Input for this task: Begin

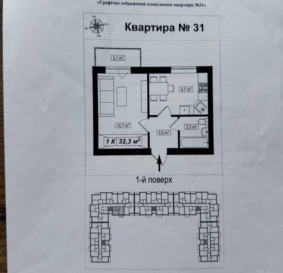 Продам однокімнатну квартиру 33 м.кв на першому поверсі в новозбудованому будинку. Квартира тепла, вікна та балконом виходять в центр будинку, на (дитяча площадка). Будинок введений в експлуатацію!!!
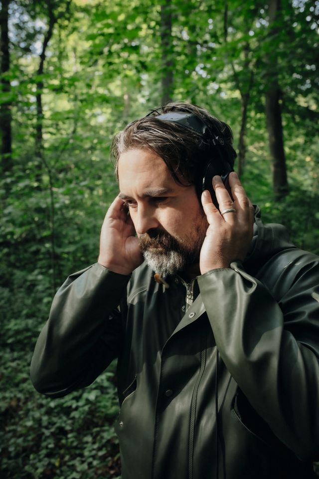 Per Kopfhörer prüft Joshua Bonnetta, ob alles richtig eingestellt ist – dann überlässt er seine Aufnahmege­räte sich selbst.
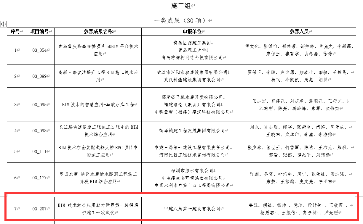 BIM參賽團(tuán)隊(duì)由中建八一基礎(chǔ)設(shè)施公司總工程師魯凱為組長(zhǎng),項(xiàng)目經(jīng)理胡鋒擔(dān)任副組長(zhǎng),充分發(fā)揮了團(tuán)隊(duì)的協(xié)作創(chuàng)新精神。參賽成果通過(guò)對(duì)項(xiàng)目目前BIM基礎(chǔ)和創(chuàng)新應(yīng)用的成果展示、自主研發(fā)應(yīng)用系統(tǒng)、利用BIM技術(shù)輔助專(zhuān)利申請(qǐng)等,豐富了BIM發(fā)展新領(lǐng)域,獲得到了專(zhuān)家評(píng)審的高度評(píng)價(jià)。
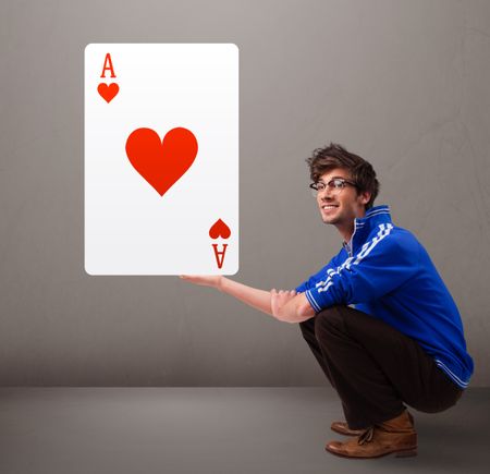 Attractive young man holding a red heart ace
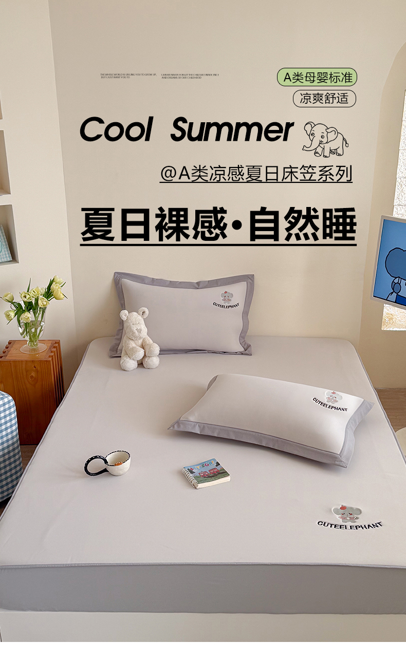 商品名称:Sweet dreams甜梦 2026新款夏款A类锦氨卡通刺绣立体床笠款凉感席 乐萌小象
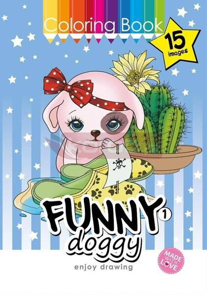 Kolorowanka dla dzieci w której znajduje się 15 obrazków z pieskami, które tylko czekają żeby nabrać kolorów. Wyprodukowana na Ukrainie.
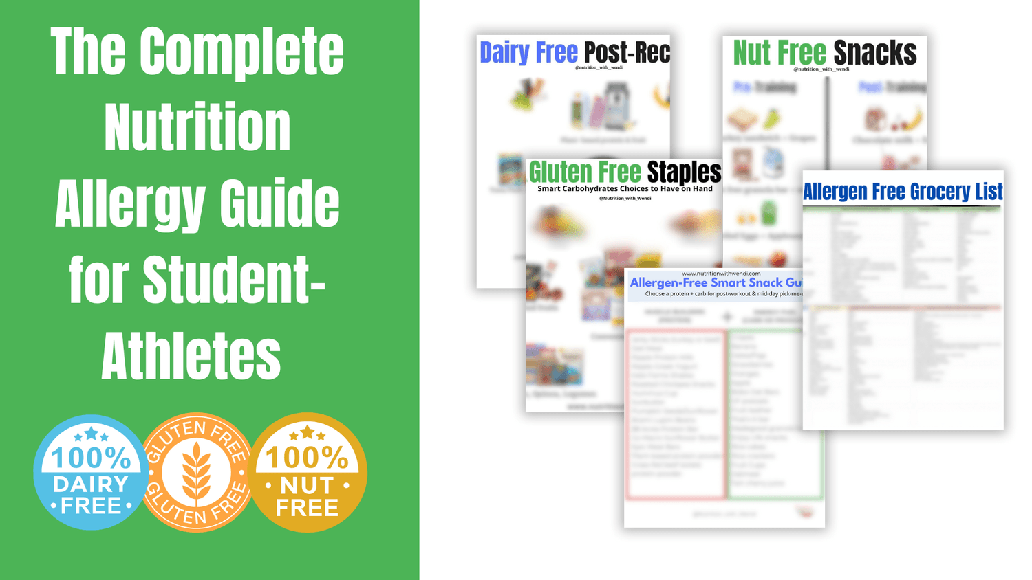 Top Allergen Free Grocery List (Protein, Whole Grains/Complex Carbs, Healthy Fats, Dairy Fortified Alternatives, Color (Fruit/Veggies), Pre-Training Carbs, Allergy-Free Athlete Carb Grab-N-Go Snacks)

Input for this task: End

> [Exercise description]:
Except for the pictures, print the data above exactly.

> [Answer space]:
 Продам однокімнатну квартиру 33 м.кв на першому поверсі в новозбудованому будинку. Квартира тепла, вікна та балконом виходять в центр будинку, на (дитяча площадка). Будинок введений в експлуатацію!!!
 Per Kopfhörer prüft Joshua Bonnetta, ob alles richtig eingestellt ist – dann überlässt er seine Aufnahmege­räte sich selbst.
 BIM參賽團(tuán)隊(duì)由中建八一基礎(chǔ)設(shè)施公司總工程師魯凱為組長(zhǎng),項(xiàng)目經(jīng)理胡鋒擔(dān)任副組長(zhǎng),充分發(fā)揮了團(tuán)隊(duì)的協(xié)作創(chuàng)新精神。參賽成果通過(guò)對(duì)項(xiàng)目目前BIM基礎(chǔ)和創(chuàng)新應(yīng)用的成果展示、自主研發(fā)應(yīng)用系統(tǒng)、利用BIM技術(shù)輔助專(zhuān)利申請(qǐng)等,豐富了BIM發(fā)展新領(lǐng)域,獲得到了專(zhuān)家評(píng)審的高度評(píng)價(jià)。
 Attractive young man holding a red heart ace
 商品名称:Sweet dreams甜梦 2026新款夏款A类锦氨卡通刺绣立体床笠款凉感席 乐萌小象
 Kolorowanka dla dzieci w której znajduje się 15 obrazków z pieskami, które tylko czekają żeby nabrać kolorów. Wyprodukowana na Ukrainie.
 Top Allergen Free Grocery List (Protein, Whole Grains/Complex Carbs, Healthy Fats, Dairy Fortified Alternatives, Color (Fruit/Veggies), Pre-Training Carbs, Allergy-Free Athlete Carb Grab-N-Go Snacks)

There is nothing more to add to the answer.